Segment Open

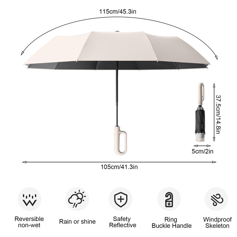 - Inverted umbrella design: Unlike the inward retracting design of ordinary automatic umbrellas, our umbrellas have an inverted design that retracts the wet umbrella surface inside the umbrella, preventing the rain from flowing down, and keeping the floor and car dry when the umbrella is retracted. This design is very convenient when you get out of the car and try to open the umbrella.
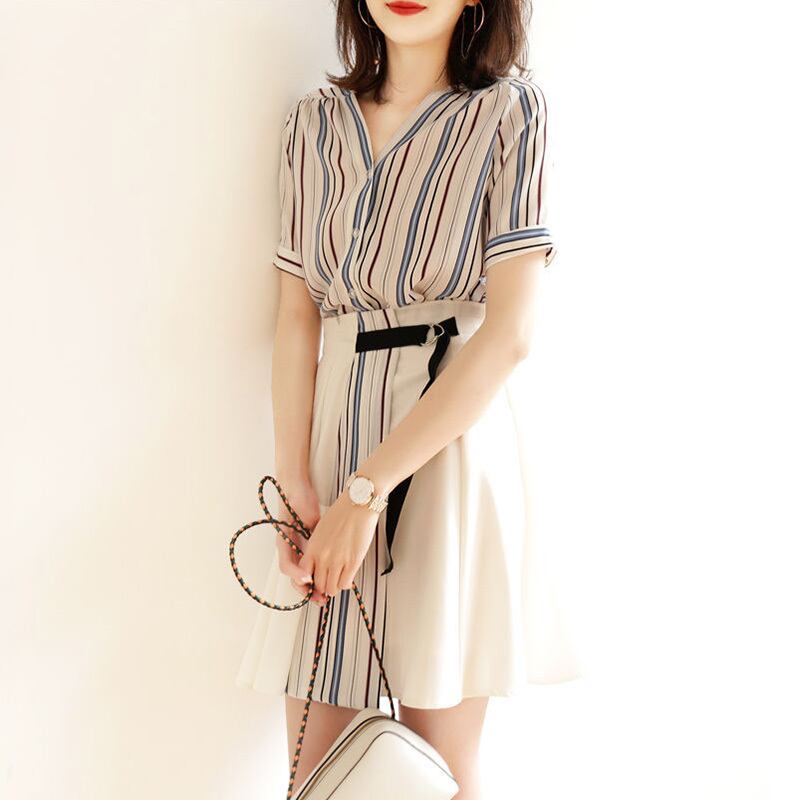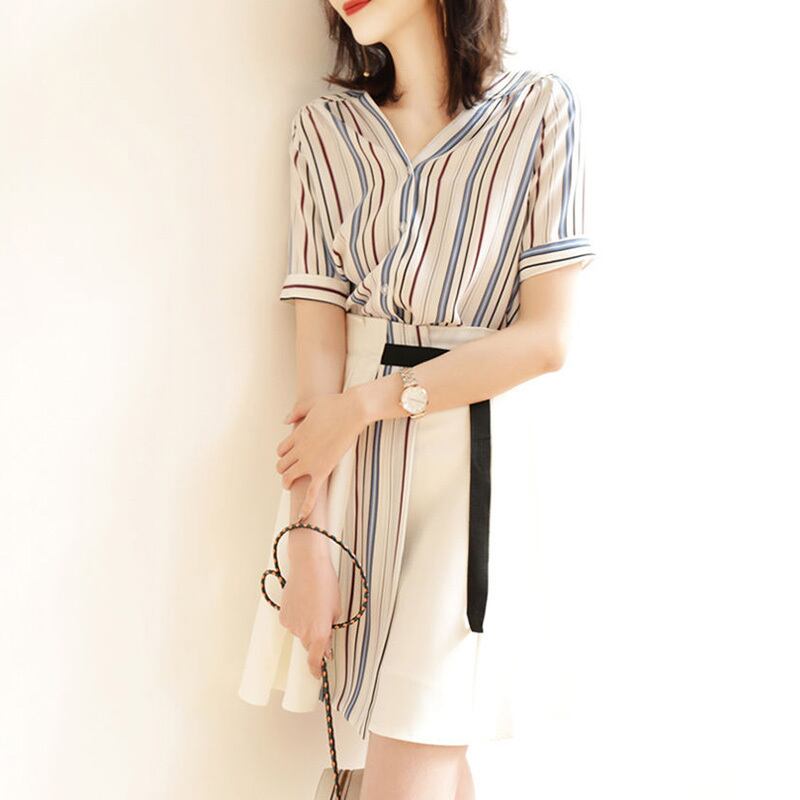 優しい気質ストライプシャツ・ブラウストップス&切り替えデザインスカートセットアップ【DL-2628】
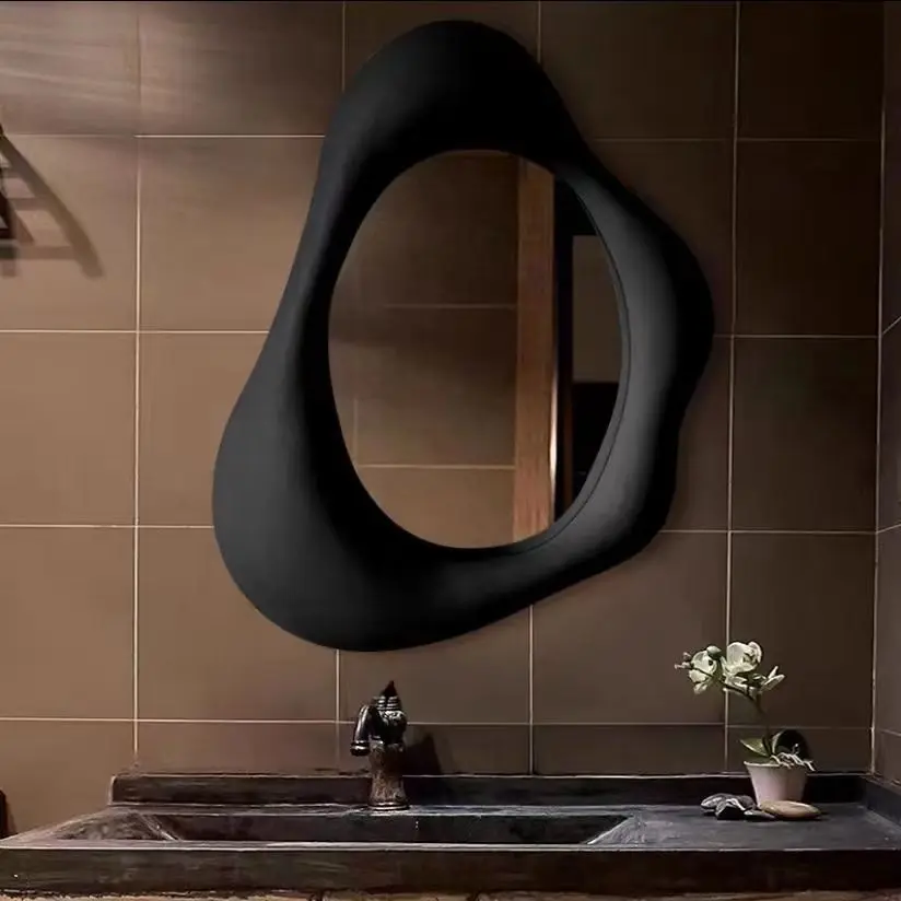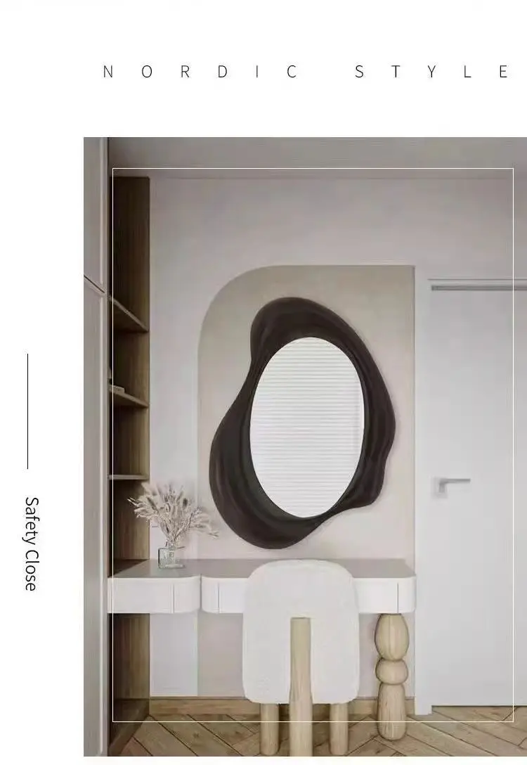 45x65cm Smooth wood framed decorative wall mirrors durable solid wooden irregular wall mirror for living room
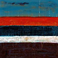 Laag voor laag aangebrachte acrylverf vormt brede horizontale strepen in aubergineviolet, wit, marineblauw, fel rood-oranje en middenblauw, waarbij diepere lagen als een palimpsest doorschemeren of weer tevoorschijn komen en textuur geven aan het abstracte werk. De afwisseling tussen warme en koele, lichte en donkere kleuren creëert contrasten.
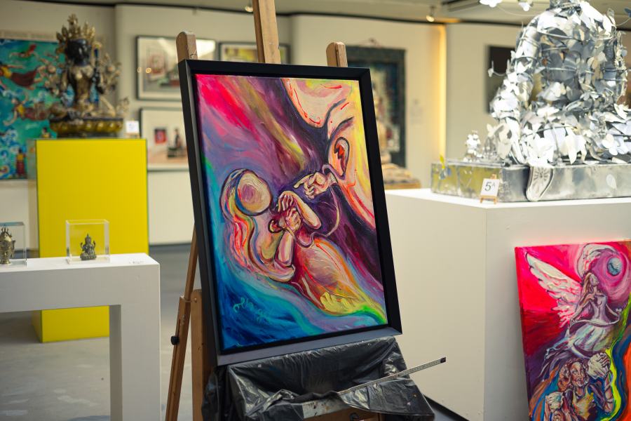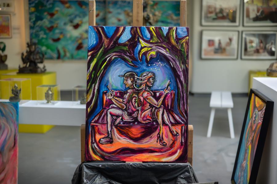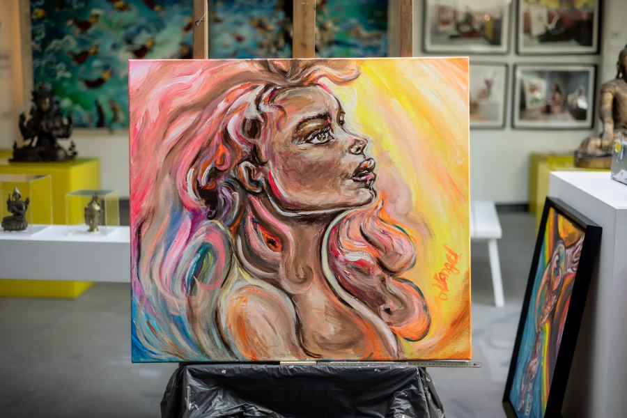 Haar schilderijen vormen geen vaste verhalen, maar momenten die je zelf mag interpreteren. Daarom lag de focus niet alleen op het vastleggen van de kunstwerken, maar ook op de persoon erachter. De interactie met haar eigen werk en de manier waarop beeld en omgeving samenkomen spelen hierin een belangrijke rol.

Segment Closed

Leave out every picture and copy, exactly as written, the lines from the one with "Laag voor laag" through the end of the records above.

SOLUTION FOR THIS EXERCISE.
 Laag voor laag aangebrachte acrylverf vormt brede horizontale strepen in aubergineviolet, wit, marineblauw, fel rood-oranje en middenblauw, waarbij diepere lagen als een palimpsest doorschemeren of weer tevoorschijn komen en textuur geven aan het abstracte werk. De afwisseling tussen warme en koele, lichte en donkere kleuren creëert contrasten.
 Haar schilderijen vormen geen vaste verhalen, maar momenten die je zelf mag interpreteren. Daarom lag de focus niet alleen op het vastleggen van de kunstwerken, maar ook op de persoon erachter. De interactie met haar eigen werk en de manier waarop beeld en omgeving samenkomen spelen hierin een belangrijke rol.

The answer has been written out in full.